With Tedesco, she levered the surprise pregnancy theme differently. Instead of using it as blackmail with a threat to tell the wife, in this instance she was the wife. So she raised the issue of an unborn child in the waning days of their life together, apparently hoping to stampede Tedesco into a quick settlement in exchange for an abortion. So the Tedesco family lawyers naturally asked her about the baby that never came. And Catherine used her explanation to launch another assault of the dead doctor's character, charging he had forced her into an abortion.
"He had stopped beating me because he was ready to do anything to procure this abortion," she said. "He was willing to eat much dirt and be real nice to me, 'Oh, come back, it's so wonderful and so sweet. Just do what I say.' So I went back, and this was after the beating, and I already knew what I was going to do. I was going to liquidate the community assets at that time fairly and equitably."
She claimed he told her he had performed between three hundred and four hundred abortions in South America and in New York. She said she believed her pregnancy test had registered a false positive.
Catherine admitted warning Tedesco at one point that the child might be illegitimate. But she softened that blow by reminding him that a lot of great people were illegitimate. In the deposition, she listed Alexander Hamilton, and Napoleon Bonaparte. Then she looked around the table and added Robert.
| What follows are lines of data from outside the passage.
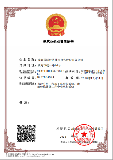 市政公用工程施工總承包貳級、建筑裝修裝飾工程專業(yè)承包貳級資質(zhì)證書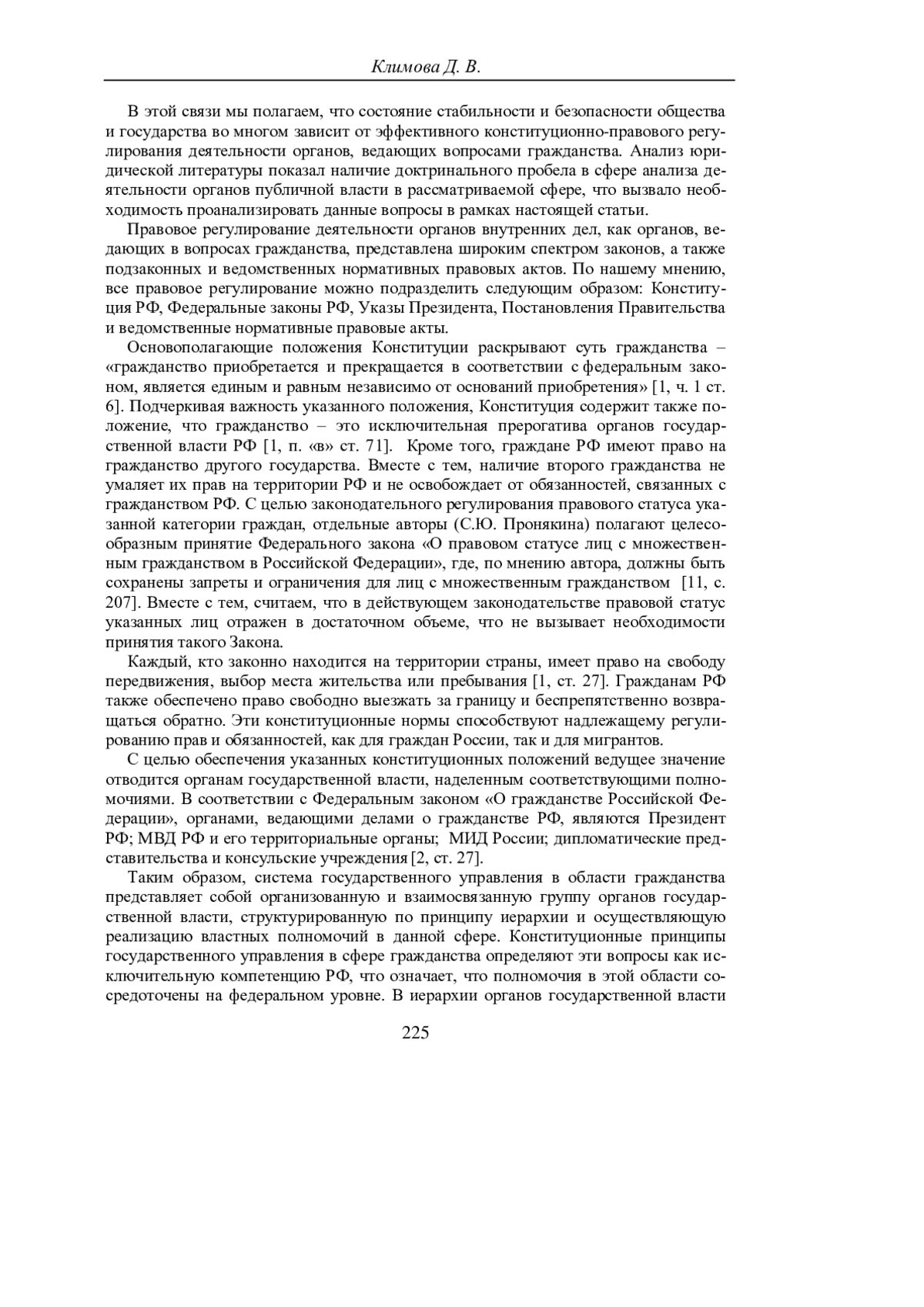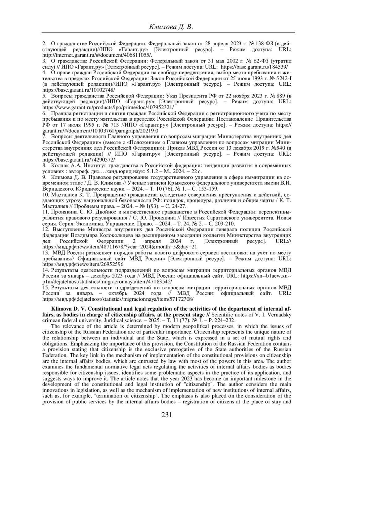 9. Климова Д. В. Правовое регулирование государственного управления в сфере иммиграции на современном этапе / Д. В. Климова // Ученые записки Крымского федерального университета имени В.И. Вернадского. Юридические науки. - 2024. - Т. 10 (76), № 1. - С. 153-159. EDN: BYWHSB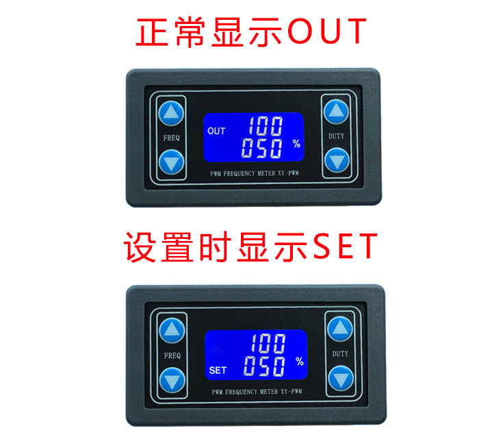 Модуль есть4Независимые ключи используются для установления частоты и соотношения обязательств, поддерживая краткосрочное нажатие (увеличение или уменьшение одного блока) и длительного давления (быстрое увеличение или уменьшение). Это очень просто. Установите автоматическое сохранение после установки параметра.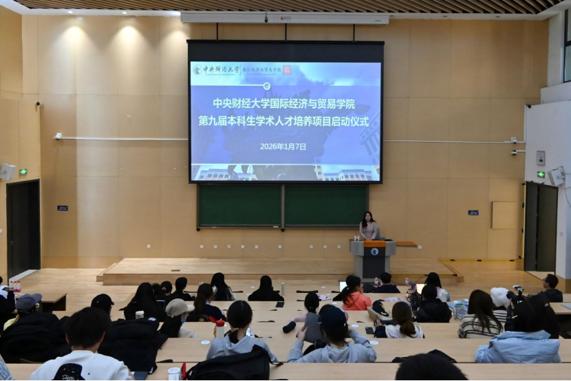 2026年1月7日下午,国际经济与贸易学院第九届本科生学术人才培养项目启动仪式在沙河校区学院楼13号楼125教室举行,国际经济与贸易学院副院长李瑞琴出席仪式并致辞,项目指导教师符大海、教学科研管理办公室相关老师以及全体学员参加启动仪式。
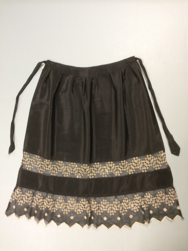 Schortje van zwarte stof met twee zwarte tule randen , wit doorgestopt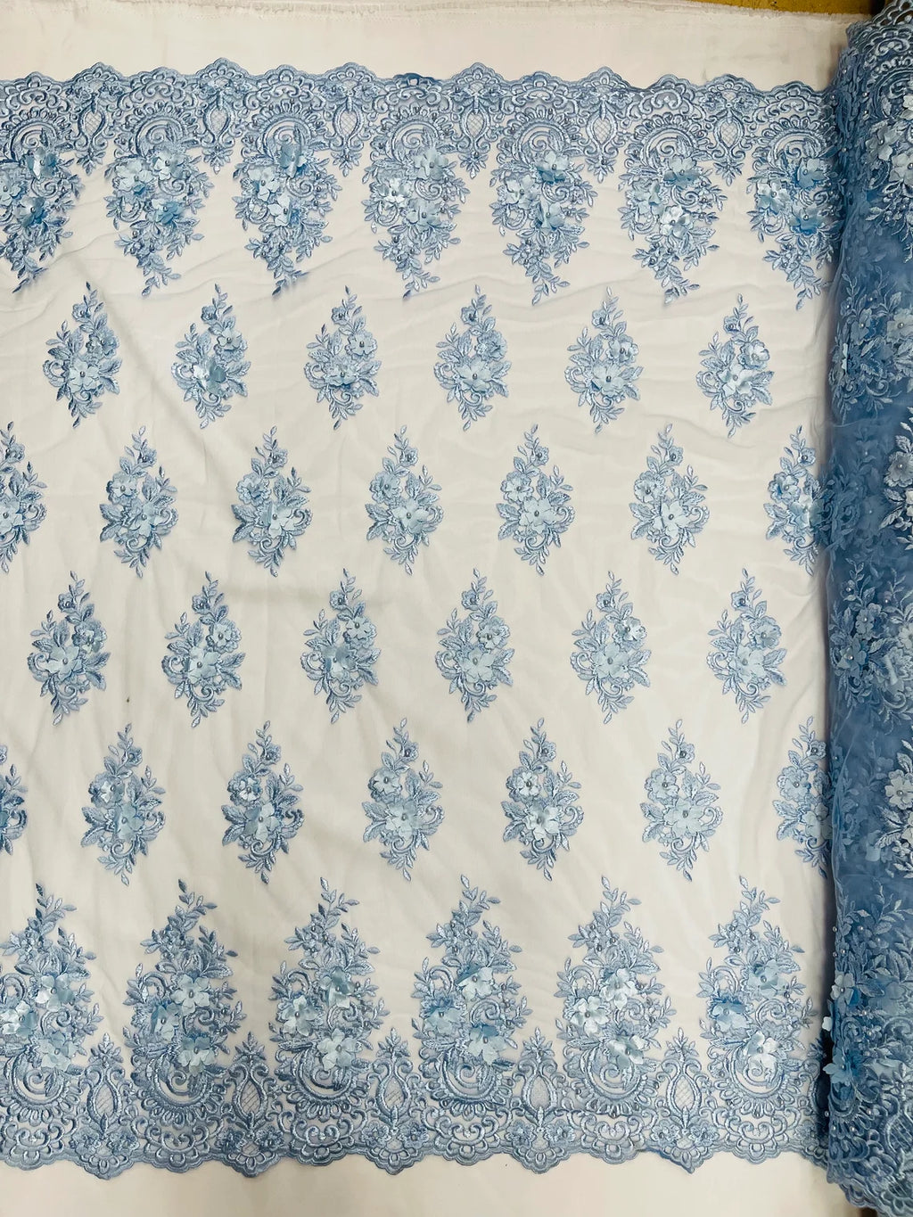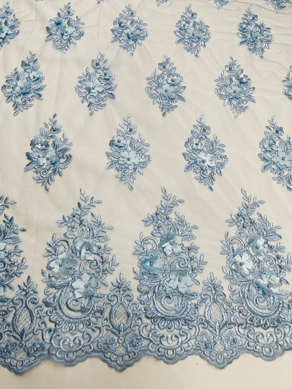 3D Fancy Floral Design Fabric - Baby Blue - 3D Flower Fabric with Small Beads on Lace Sold By Yard
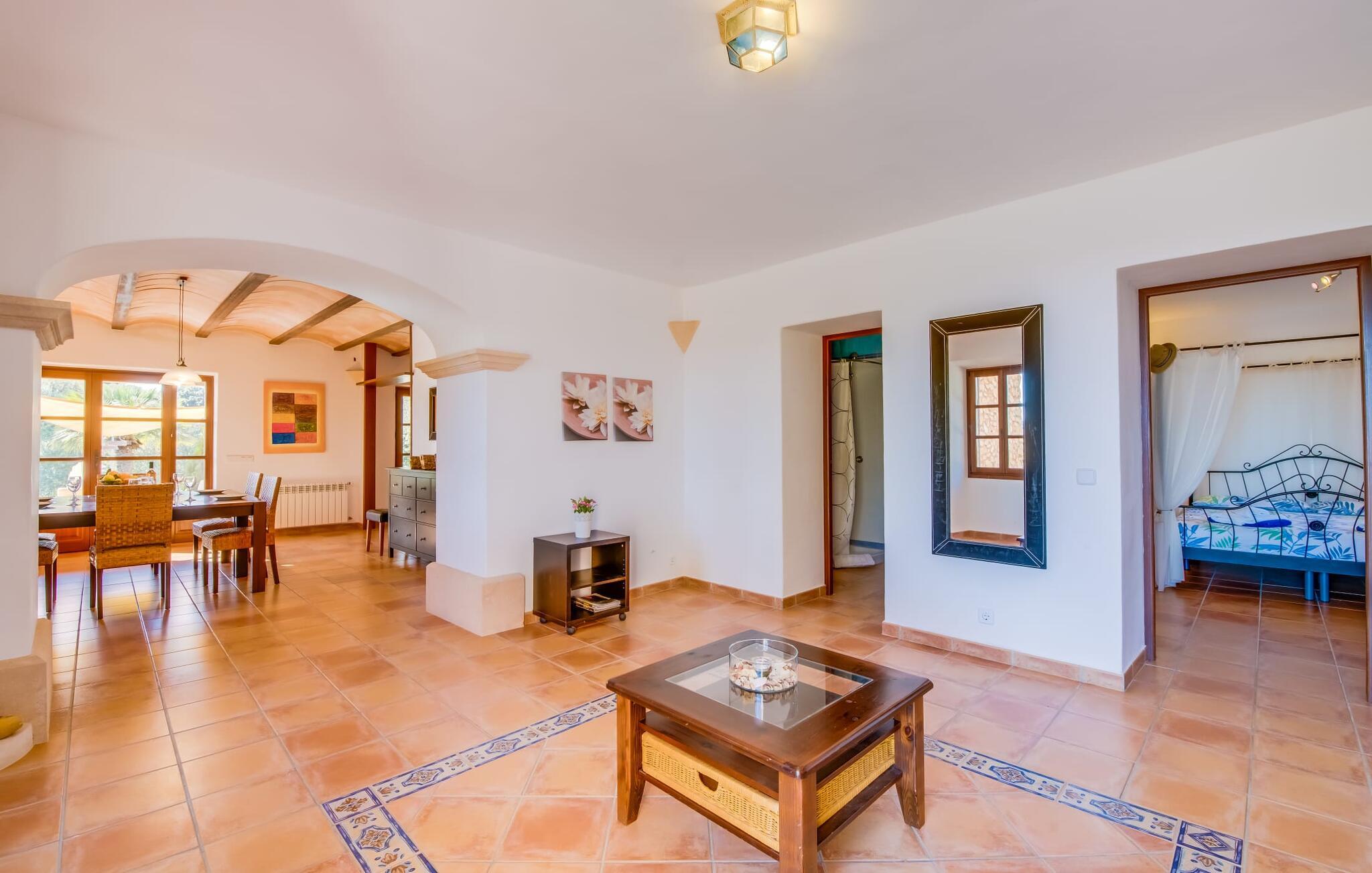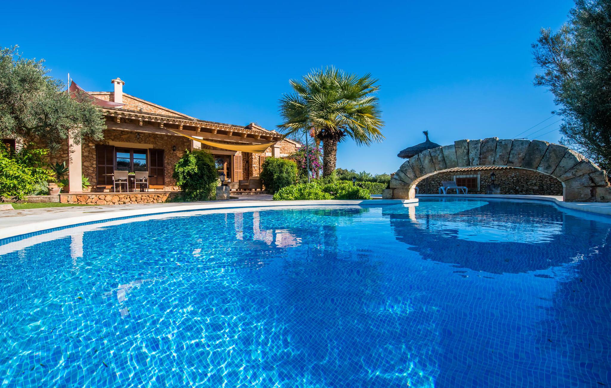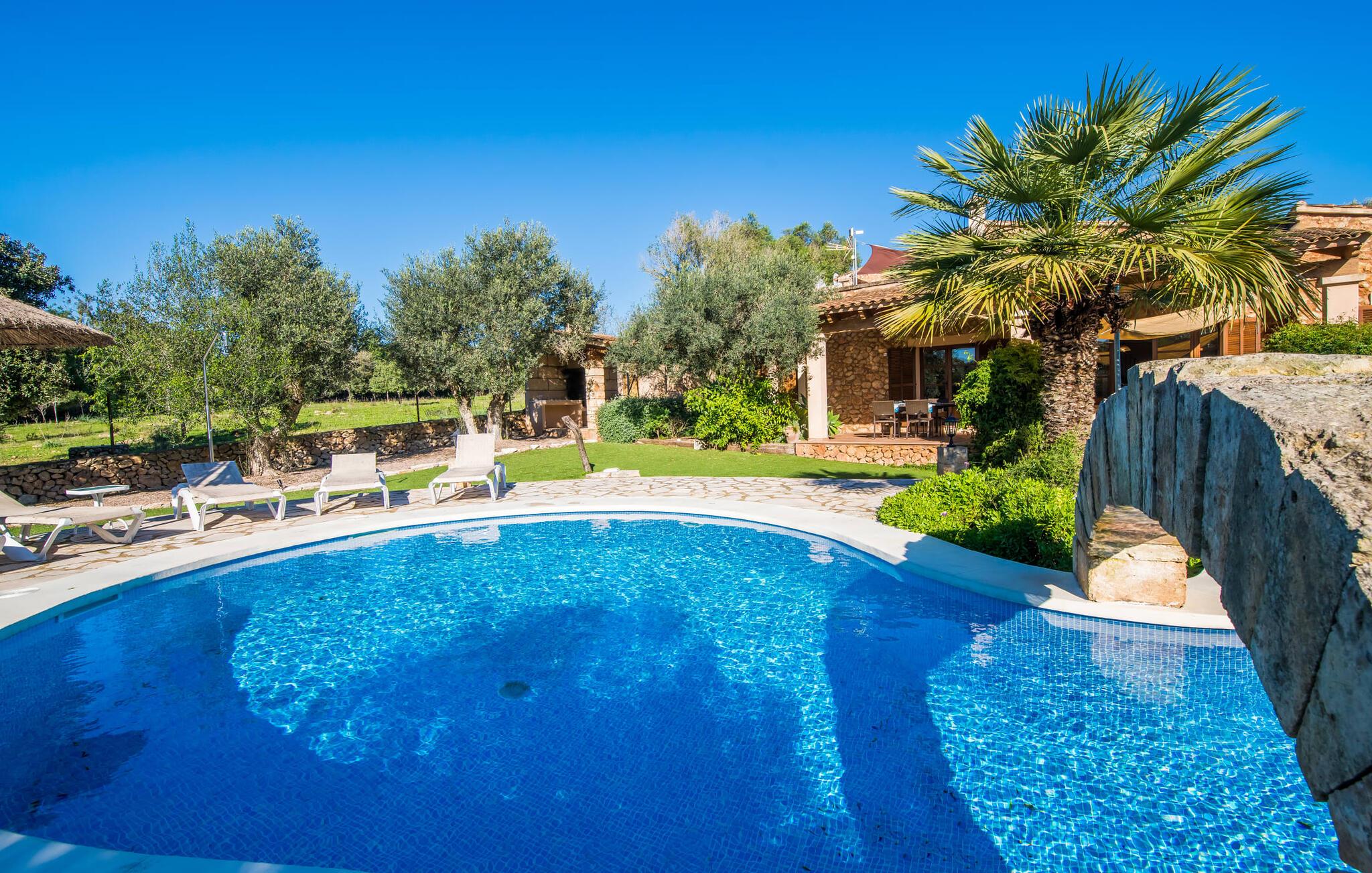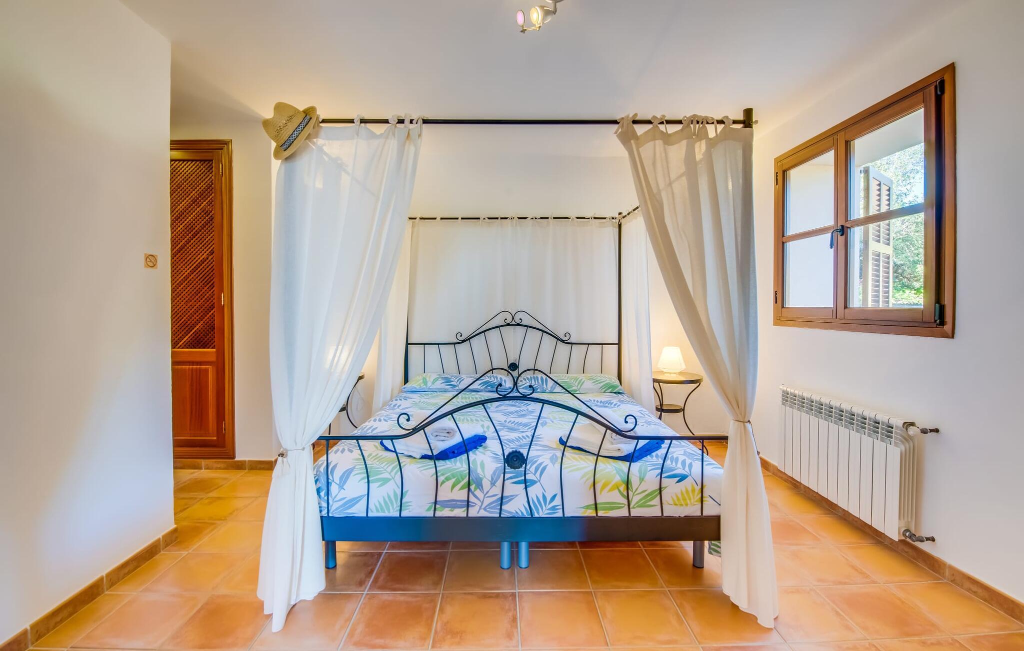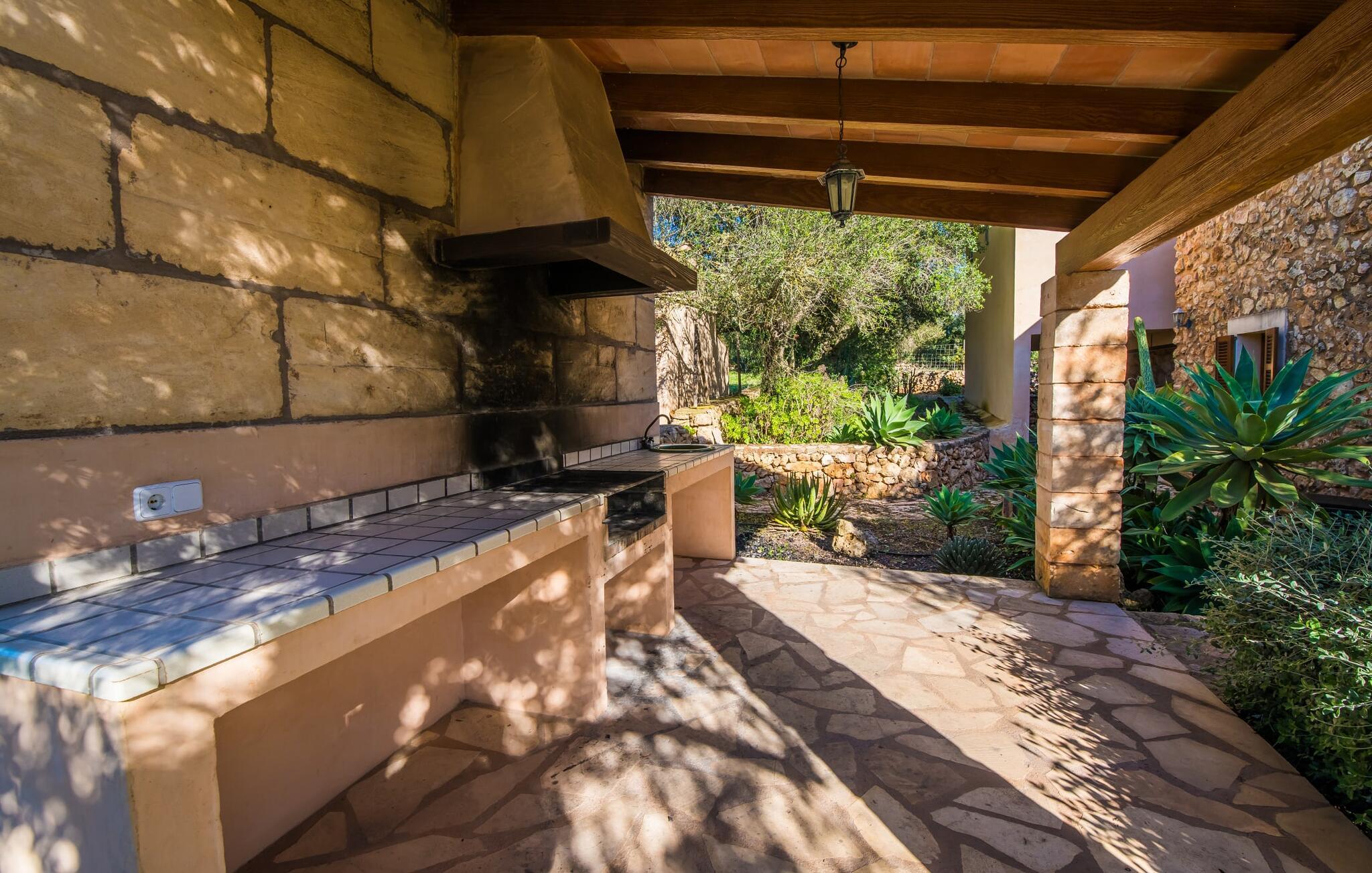 Fincaen "Can Revell" byder på en unik ferieoplevelse med sin attraktive have med en stenbro i romersk stil over poolen, som danner et visuelt imponerende omdrejningspunkt. Udendørsområdet omfatter et overdækket køkken, der er velegnet til større grill, og forteltet giver ekstra skygge for komfort. Inde i villaen er lys og luftig, med store vinduespartier. Stuen med pejs og spisebord er forbundet med et veludstyret køkken. I stueetagen er der et lille badeværelse og et soveværelse med en himmelseng og et en-suite spabadeværelse. Ovenpå er der tre soveværelser med dobbeltsenge (to med to enkeltsenge) og to en-suite badeværelser. To af disse rum har desuden udgang til rummelig altan med markise. Samlet set er "Can Revell" et roligt naturparadis, perfekt til en afslappende kort ferie. Naturstensvillaen "Can Revell" tilbyder de bedste betingelser for en typisk mallorcansk ferie. I nærheden af Son Carrió, cirka 2,5 km væk, vil I finde en række muligheder for at udforske øens forskelligartede østkyst. For shopping tilbyder nærliggende byer som Manacor og Artà unikke oplevelser. De smukke strande på sydøstkysten er nemme at nå, og sportsentusiaster kan drage fordel af de nærliggende golfbaner i S'Era de Pula eller Canyamel. Aircondition i ejendommen er inkluderet i prisen, men dets brug er begrænset mellem kl. 21.00 og 07.00. Derefter fyldes der op kontant på stedet. Mellem 5. november og 7. april er valgfri brug af opvarmning inkluderet fra kl. 07.00 til kl. 9.30 og kl. 18.30 til midnat. Brug uden for disse tider vil blive faktureret kontant på stedet.

"I was dealing with a mad man, and I would have said anything necessary that George wanted to hear that would keep him from going completely wild," she testified.
She admitted taking items from their home, including parts of Tedesco's collection of pre-Columbian art from South America. S
he argued that he had acquired it during their marriage so she considered it community property. She said she needed the money because he wouldn't give her any.
Catherine listened patiently while one lawyer presented his list of items he felt were stolen from the house: three tuxedos, three suits, two African headdresses, a Persian sword, a Chinese matchlock rifle, a Jivaro blowgun, a Hoover vacuum cleaner, a designer lamp, a machete in a holster, and 120 record albums.